- _TASK STATEMENT_: Below are records with pictures in them. Transcribe everything from the line containing "Material : Magnesite" down to the line containing "三、2021年兩輪車(chē", exactly, and leave the pictures behind.

....

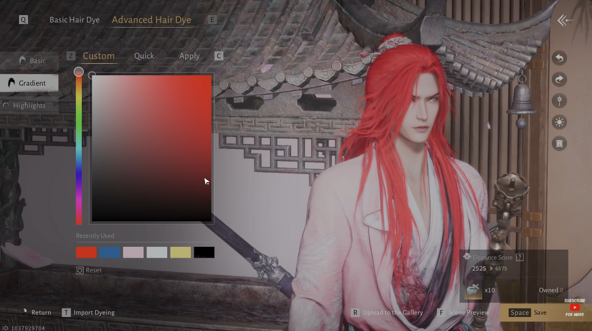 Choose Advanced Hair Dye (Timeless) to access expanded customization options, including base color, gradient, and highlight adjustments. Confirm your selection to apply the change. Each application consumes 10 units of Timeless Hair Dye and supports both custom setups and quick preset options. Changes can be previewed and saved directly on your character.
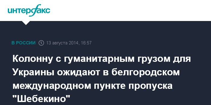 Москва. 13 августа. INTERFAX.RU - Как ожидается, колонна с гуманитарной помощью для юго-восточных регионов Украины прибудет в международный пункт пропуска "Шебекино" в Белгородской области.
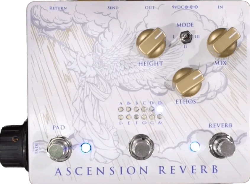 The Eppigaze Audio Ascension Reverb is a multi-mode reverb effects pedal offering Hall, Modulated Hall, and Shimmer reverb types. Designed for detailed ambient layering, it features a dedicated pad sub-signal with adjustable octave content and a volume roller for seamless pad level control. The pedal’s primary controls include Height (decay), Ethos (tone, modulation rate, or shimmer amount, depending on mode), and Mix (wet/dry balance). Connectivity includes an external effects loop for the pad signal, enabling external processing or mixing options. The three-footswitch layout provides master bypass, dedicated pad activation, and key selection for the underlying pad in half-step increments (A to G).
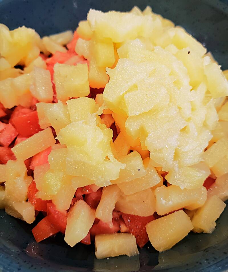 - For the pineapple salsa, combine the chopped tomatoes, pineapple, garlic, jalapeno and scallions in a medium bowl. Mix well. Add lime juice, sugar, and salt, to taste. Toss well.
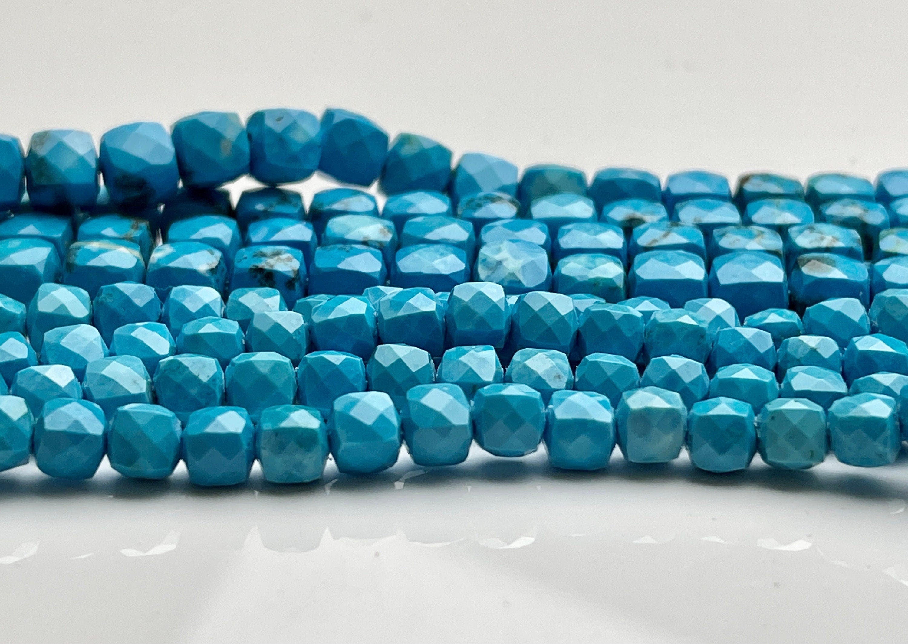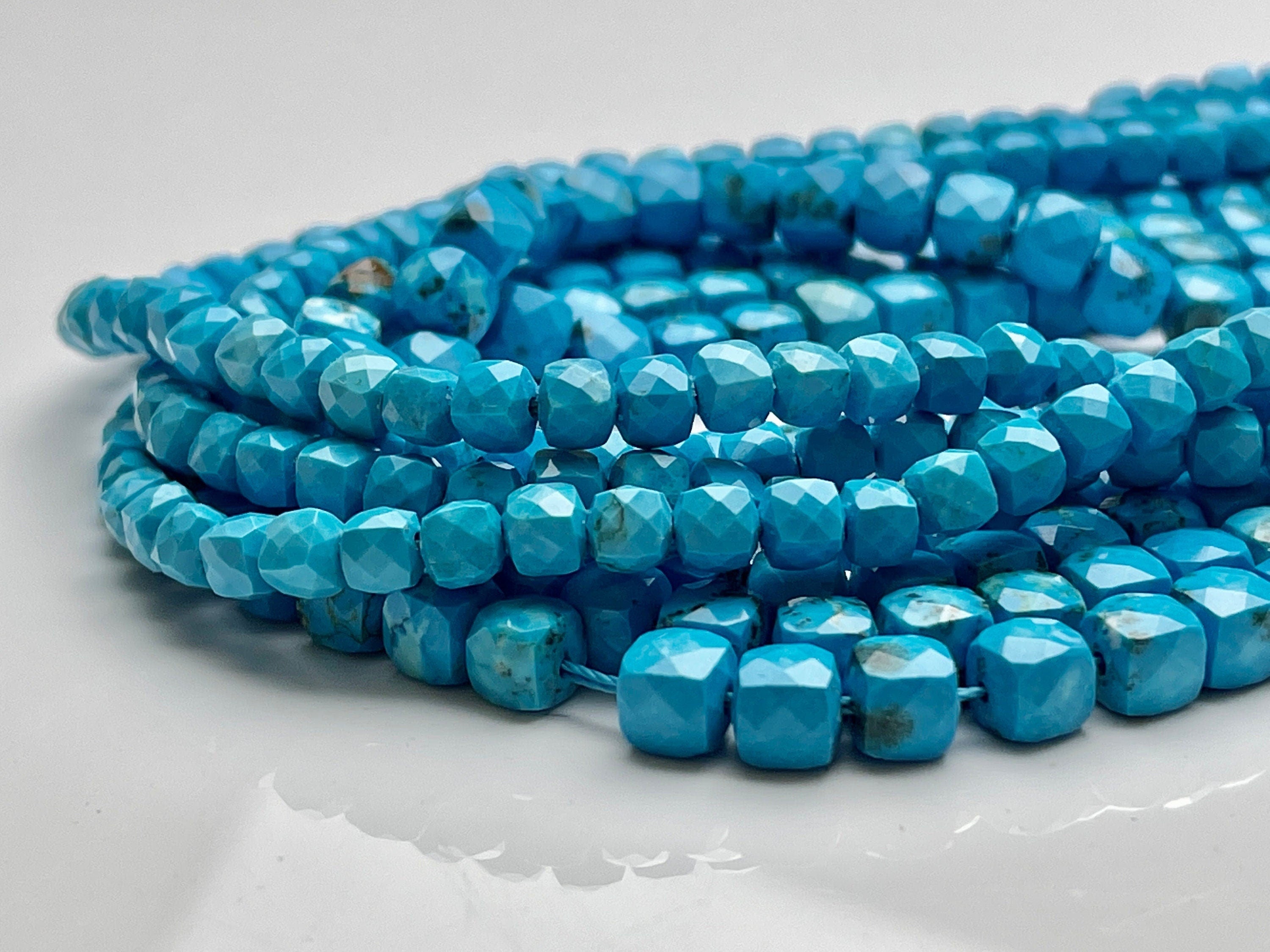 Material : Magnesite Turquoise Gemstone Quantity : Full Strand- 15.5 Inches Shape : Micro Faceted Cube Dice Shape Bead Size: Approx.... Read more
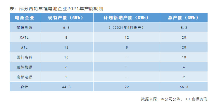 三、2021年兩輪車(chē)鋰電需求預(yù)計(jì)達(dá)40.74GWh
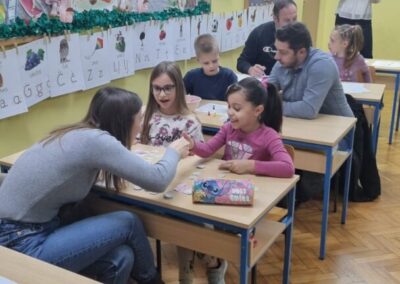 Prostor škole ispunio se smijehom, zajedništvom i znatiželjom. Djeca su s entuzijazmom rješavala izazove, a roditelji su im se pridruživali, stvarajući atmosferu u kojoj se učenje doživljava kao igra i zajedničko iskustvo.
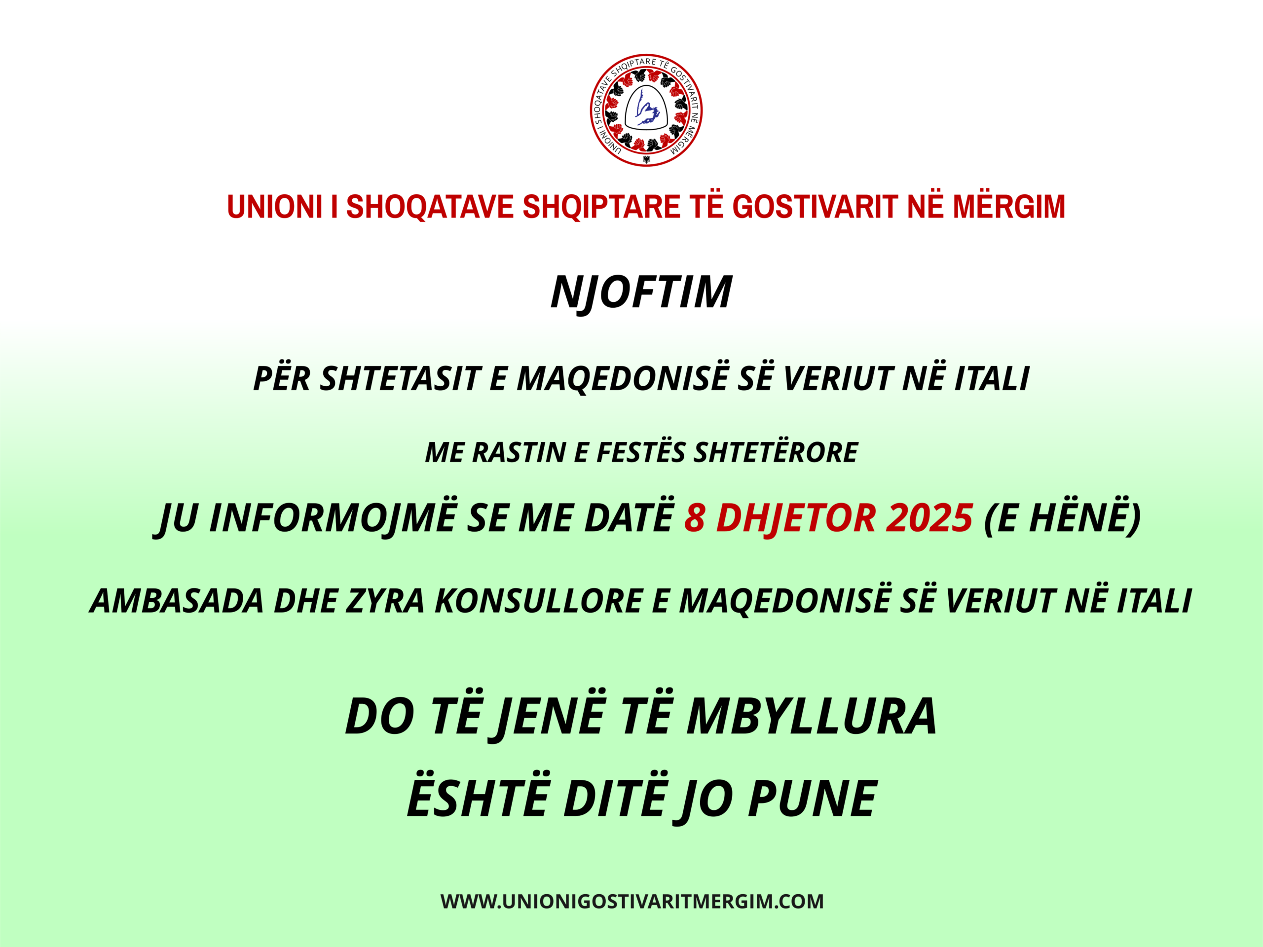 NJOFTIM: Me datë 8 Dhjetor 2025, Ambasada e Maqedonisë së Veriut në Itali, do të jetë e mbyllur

....

- _EXERCISE SOLUTION_:
 Material : Magnesite Turquoise Gemstone Quantity : Full Strand- 15.5 Inches Shape : Micro Faceted Cube Dice Shape Bead Size: Approx.... Read more
 三、2021年兩輪車(chē)鋰電需求預(yù)計(jì)達(dá)40.74GWh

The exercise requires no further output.